Josc eut l’air abasourdi. Était-ce à l’idée que son héros pouvait périr en mer ou bien parce qu’il se rendait compte qu’il était vraiment destiné à devenir un jour le médecin de la communauté et que ce jour était peut-être proche ?
Probablement pour cette seconde raison. Lawler se souvenait de ce qu’il avait éprouvé lorsqu’il avait pris conscience que son apprentissage, ces études exténuantes, ces interminables exercices avaient un but concret, qu’il serait appelé un jour à prendre la place de son père dans ce cabinet et à faire tout ce que son père faisait. Il avait à peu près quatorze ans quand cela s’était produit. À vingt ans, il avait perdu son père et était devenu le nouveau médecin.
— Ne t’inquiète pas pour cela, poursuivit Lawler, il ne m’arrivera rien. Mais il faut envisager le pire, Josc. Nous sommes, toi et moi, les seuls de toute la communauté à avoir acquis quelques connaissances médicales et il convient de protéger ce savoir.
— Oui, bien sûr.
— Très bien. Cela implique donc que nous voyagerons sur des navires différents. Tu vois ce que je veux dire ?
— Oui, répondit le jeune homme, je comprends. J’aurais préféré voyager avec vous, mais je comprends. Nous devions parler aujourd’hui des inflammations de la plèvre, n’est-ce pas ? ajouta-t-il en souriant.
— Oui, dit Lawler, les inflammations de la plèvre.

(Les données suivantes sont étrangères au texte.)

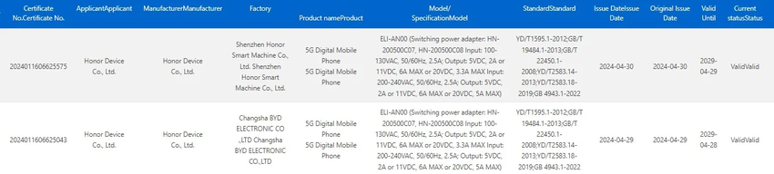 Onlangs zijn twee Honor-telefoons met modelnummers ELP-AN00 en ELI-AN00 goedgekeurd door de Chinese certificeringsinstantie 3C. De 3C certificering van de vermeende Honor 200 en 200 Pro modellen geeft aan dat beide modellen 100W snelladen kunnen ondersteunen. Op dit moment zijn er twee modelnummers aangegeven: de ELP-AN00 en ELI-AN00. Het is onduidelijk welke van deze modellen de standaardversie vertegenwoordigt en welke overeenkomt met de Pro-variant.

Il déplia sa planche anatomique usée et tachée. Josc se pencha en avant, attentif, le regard vif, avide d’apprendre. Le jeune homme était une source d’inspiration pour Lawler. Il lui rappelait quelque chose qu’il avait eu tendance à oublier ces derniers temps, à savoir que sa profession était plus qu’un métier, qu’elle était une vocation.
— Épanchement pleural et inflammations de la plèvre, reprit-il. Symptomatologie, causes, mesures thérapeutiques.
Il avait l’impression d’entendre la voix de son propre père, grave, mesurée, inexorable, résonnant encore dans sa tête comme un gong.
— Prenons l’exemple d’une douleur brusque et déchirante dans la poitrine…
— Je crains d’avoir de mauvaises nouvelles, dit Delagard.
— Ha !
Ils étaient au chantier naval, dans le bureau de l’armateur qui lui avait demandé de passer. Il était midi, l’heure de la pause pour Lawler. Il y avait une bouteille entamée d’alcool d’algue-vigne sur la table d’algue-bois, mais Lawler avait refusé le verre proposé par Delagard. Jamais pendant les heures de travail, disait-il. Il essayait toujours de garder l’esprit clair quand il exerçait et, même s’il faisait une entorse pour l’herbe tranquille, il se disait qu’elle ne pouvait nuire à l’exercice de sa profession. Elle contribuait même à rendre son esprit plus clair.
— J’ai déjà des résultats, poursuivit Delagard. Mais ils ne sont pas bons. Velmise ne veut pas de nous, docteur.
Lawler eut l’impression de recevoir un coup de poing dans l’estomac.
— C’est ce qu’ils vous ont dit ?
Delagard poussa vers lui une feuille de papier parcheminé.
— Dag Tharp m’a remis cela il y a une heure. C’est un message de mon fils Kendy, qui vit à Velmise. Il m’annonce qu’ils ont réuni leur conseil hier soir et qu’ils ont rejeté notre demande. Leur quota d’immigration pour l’année est de six personnes et, compte tenu des circonstances exceptionnelles, ils acceptent de le porter à dix. Mais ils n’iront pas plus loin.